Problem :: Print exactly the lines of the listing below from the one containing "Ringordner, ohne Schlitze." through the final line, both included, and no pictures.

Dataset extract ::
^^^^^^^^^^^^^^^^
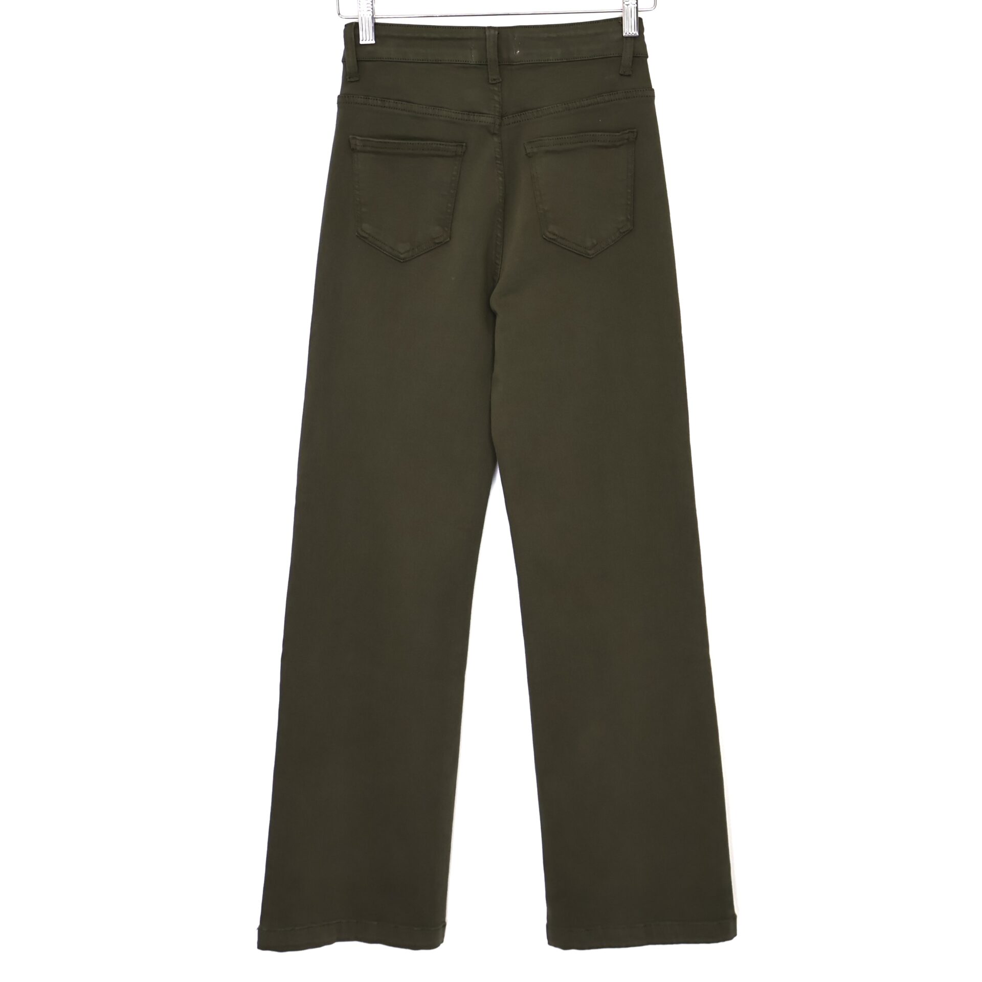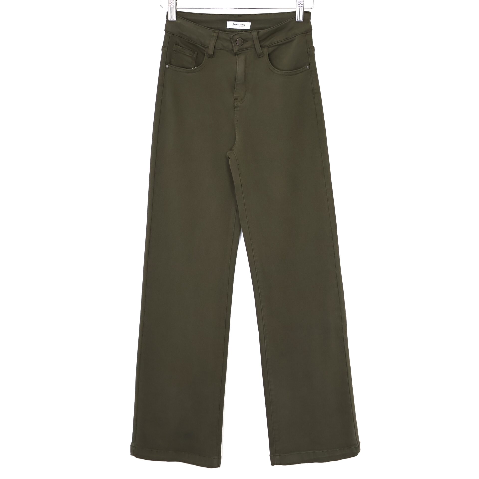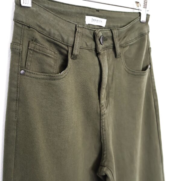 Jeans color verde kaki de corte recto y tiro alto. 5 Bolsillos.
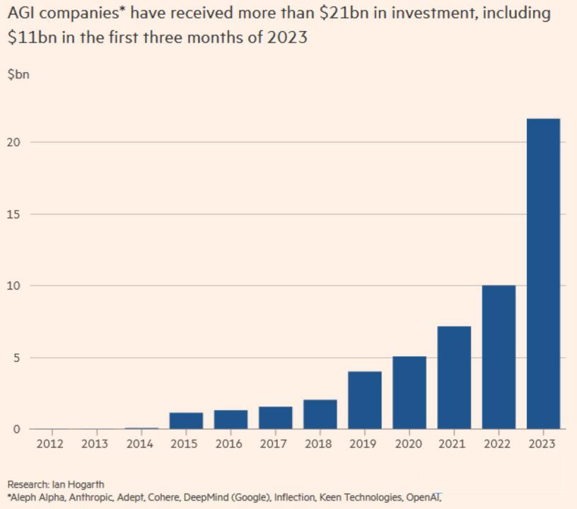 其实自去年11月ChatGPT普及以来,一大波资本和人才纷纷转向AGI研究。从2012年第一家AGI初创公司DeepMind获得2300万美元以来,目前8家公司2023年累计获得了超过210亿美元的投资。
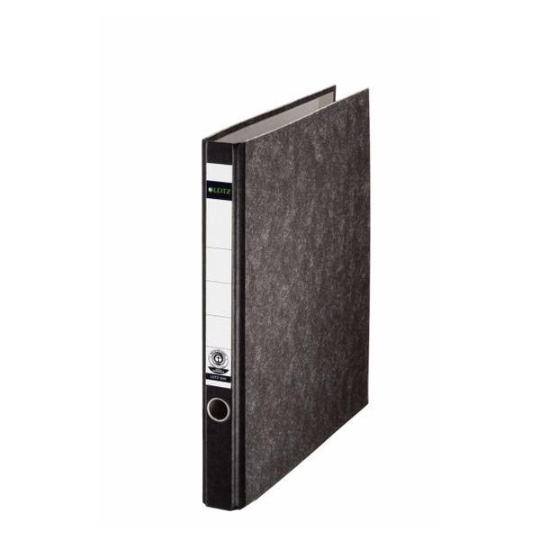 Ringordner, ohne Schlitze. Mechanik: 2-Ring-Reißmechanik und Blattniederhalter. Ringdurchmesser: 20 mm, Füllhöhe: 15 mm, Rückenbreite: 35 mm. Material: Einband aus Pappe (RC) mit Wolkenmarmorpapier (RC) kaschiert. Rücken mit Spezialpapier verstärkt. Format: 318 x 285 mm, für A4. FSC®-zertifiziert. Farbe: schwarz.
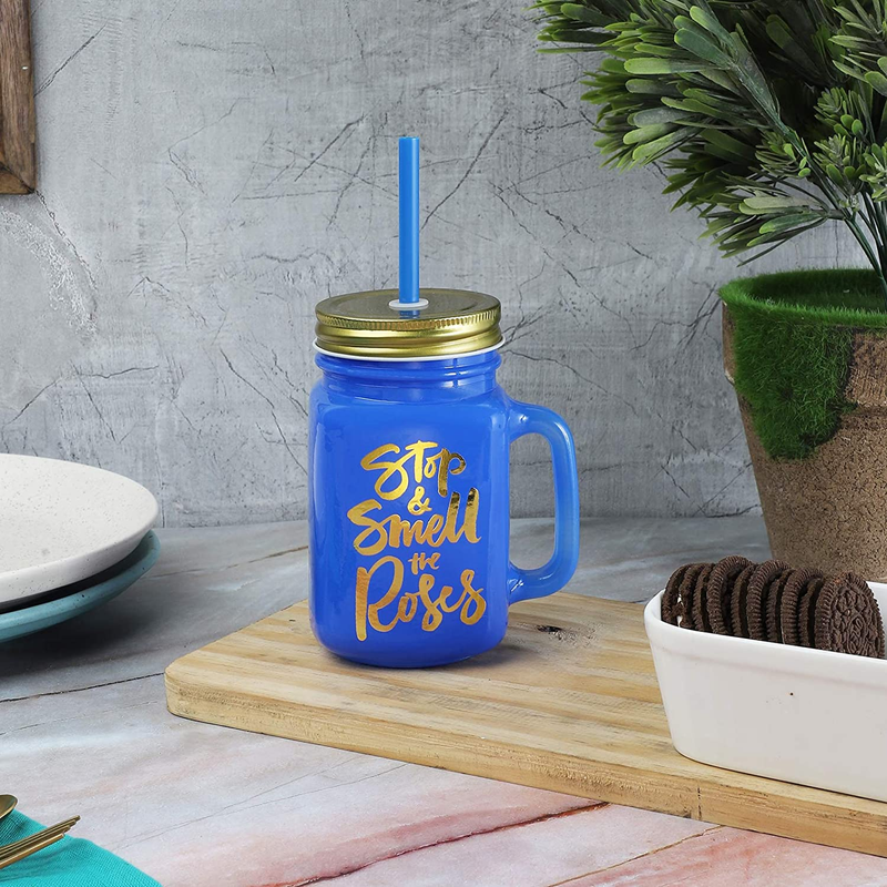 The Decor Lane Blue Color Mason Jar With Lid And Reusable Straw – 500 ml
^^^^^^^^^^^^^^^^
Response for this exercise ::
 Ringordner, ohne Schlitze. Mechanik: 2-Ring-Reißmechanik und Blattniederhalter. Ringdurchmesser: 20 mm, Füllhöhe: 15 mm, Rückenbreite: 35 mm. Material: Einband aus Pappe (RC) mit Wolkenmarmorpapier (RC) kaschiert. Rücken mit Spezialpapier verstärkt. Format: 318 x 285 mm, für A4. FSC®-zertifiziert. Farbe: schwarz.
 The Decor Lane Blue Color Mason Jar With Lid And Reusable Straw – 500 ml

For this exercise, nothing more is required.